A faithful copy of the data, pictures omitted, is the required answer.

+++ COLLECTED DATA

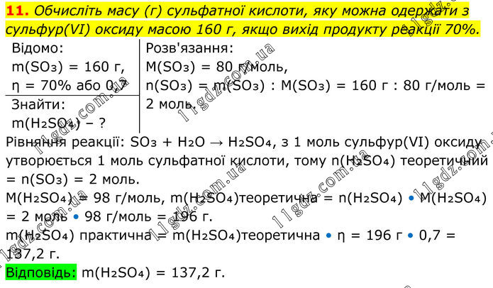 11. Обчисліть масу (г) сульфатної кислоти, яку можна одержати з сульфур(VI) оксиду масою 160 г, якщо вихід продукту реакції 70%. Відомо: m(SO₃) = 160 г, η = 70% або 0,7 Розв'язання: M(SO₃) = 80 г/моль, n(SO₃) = m(SO₃) : M(SO₃) = 160 г : 80 г/моль = 2 моль. Знайти: m(H₂SO₄) – ? Рівняння реакції: SO₃ + H₂O → H₂SO₄, з 1 моль сульфур(VI) оксиду утворюється 1 моль сульфатної кислоти, тому n(H₂SO₄) теоретичний = n(SO₃) = 2 моль. M(H₂SO₄) = 98 г/моль, m(H₂SO₄)теоретична = n(H₂SO₄) • M(H₂SO₄) = 2 моль • 98 г/моль = 196 г. m(H₂SO₄) практична = m(H₂SO₄)теоретична • η = 196 г • 0,7 = 137,2 г. Відповідь: m(H₂SO₄) = 137,2 г.
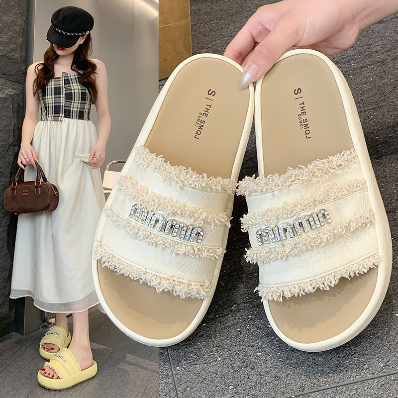 厚い底の小さい香風のスリッパの女性の夏の外は2025年の新型の超美しいファッションのドリルの松の餅の1字の砂浜を着て涼しくなります。
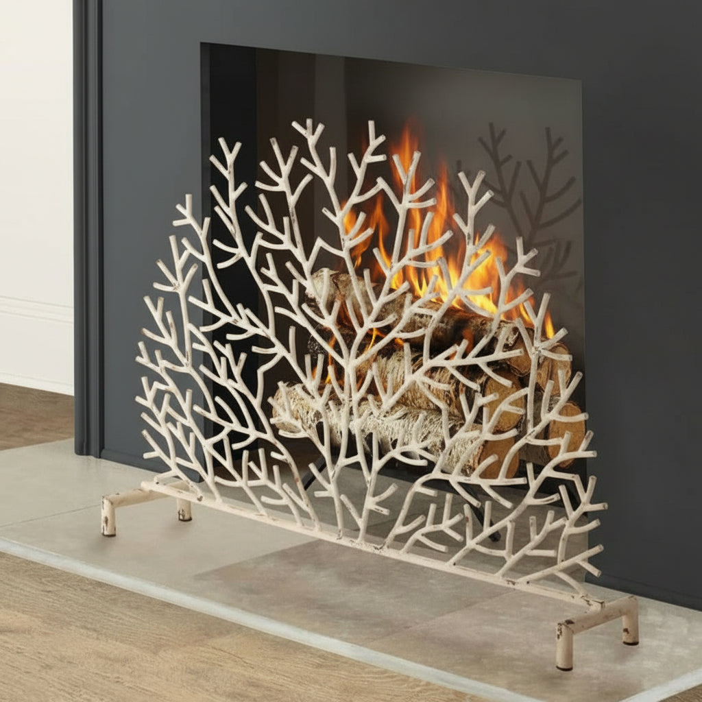 Forged from iron and hand-finished in a creamy, softly weathered patina, this fireplace screen delivers refined texture without heaviness. The branching openwork design offers a romantic silhouette while allowing firelight to glow through. Fixed feet add stability, and the neutral tone makes it a lovely complement to stone fireplaces, light woods, and soft textiles. Perfect for rooms that embrace calm, natural beauty.

++++++

# SOLVED EXERCISE:
 11. Обчисліть масу (г) сульфатної кислоти, яку можна одержати з сульфур(VI) оксиду масою 160 г, якщо вихід продукту реакції 70%. Відомо: m(SO₃) = 160 г, η = 70% або 0,7 Розв'язання: M(SO₃) = 80 г/моль, n(SO₃) = m(SO₃) : M(SO₃) = 160 г : 80 г/моль = 2 моль. Знайти: m(H₂SO₄) – ? Рівняння реакції: SO₃ + H₂O → H₂SO₄, з 1 моль сульфур(VI) оксиду утворюється 1 моль сульфатної кислоти, тому n(H₂SO₄) теоретичний = n(SO₃) = 2 моль. M(H₂SO₄) = 98 г/моль, m(H₂SO₄)теоретична = n(H₂SO₄) • M(H₂SO₄) = 2 моль • 98 г/моль = 196 г. m(H₂SO₄) практична = m(H₂SO₄)теоретична • η = 196 г • 0,7 = 137,2 г. Відповідь: m(H₂SO₄) = 137,2 г.
 厚い底の小さい香風のスリッパの女性の夏の外は2025年の新型の超美しいファッションのドリルの松の餅の1字の砂浜を着て涼しくなります。
 Forged from iron and hand-finished in a creamy, softly weathered patina, this fireplace screen delivers refined texture without heaviness. The branching openwork design offers a romantic silhouette while allowing firelight to glow through. Fixed feet add stability, and the neutral tone makes it a lovely complement to stone fireplaces, light woods, and soft textiles. Perfect for rooms that embrace calm, natural beauty.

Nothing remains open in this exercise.